Each line below from the one containing "Darčeková taška 260×320" through the one containing "Вычисли без использования" should be output exactly as it stands, and no other line should appear.

• [DATASET EXTRACT]
· · · ·

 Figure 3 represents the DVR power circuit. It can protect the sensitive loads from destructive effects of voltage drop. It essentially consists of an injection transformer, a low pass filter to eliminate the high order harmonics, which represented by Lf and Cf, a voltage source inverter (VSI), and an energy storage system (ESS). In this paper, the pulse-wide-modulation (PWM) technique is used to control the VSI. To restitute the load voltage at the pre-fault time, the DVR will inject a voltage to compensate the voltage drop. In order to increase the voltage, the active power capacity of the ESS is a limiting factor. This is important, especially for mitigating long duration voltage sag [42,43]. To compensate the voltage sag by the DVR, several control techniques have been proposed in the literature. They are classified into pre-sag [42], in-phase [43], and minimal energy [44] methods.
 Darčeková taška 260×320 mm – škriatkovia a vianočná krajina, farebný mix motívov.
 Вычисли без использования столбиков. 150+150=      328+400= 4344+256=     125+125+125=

· · · ·

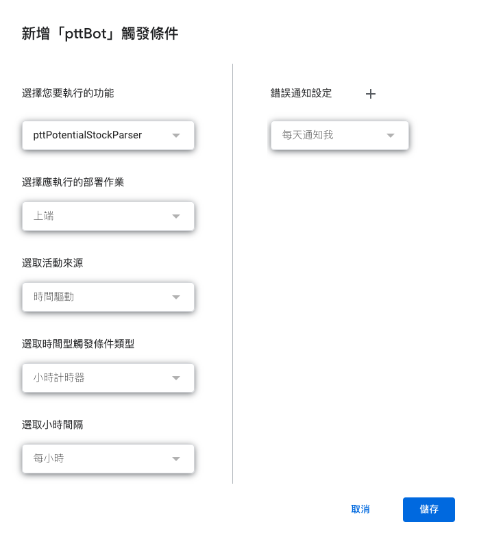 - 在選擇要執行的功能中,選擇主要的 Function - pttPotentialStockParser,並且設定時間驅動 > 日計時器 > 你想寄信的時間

· · · ·

• [EXERCISE RESULT]
 Darčeková taška 260×320 mm – škriatkovia a vianočná krajina, farebný mix motívov.
 Вычисли без использования столбиков. 150+150=      328+400= 4344+256=     125+125+125=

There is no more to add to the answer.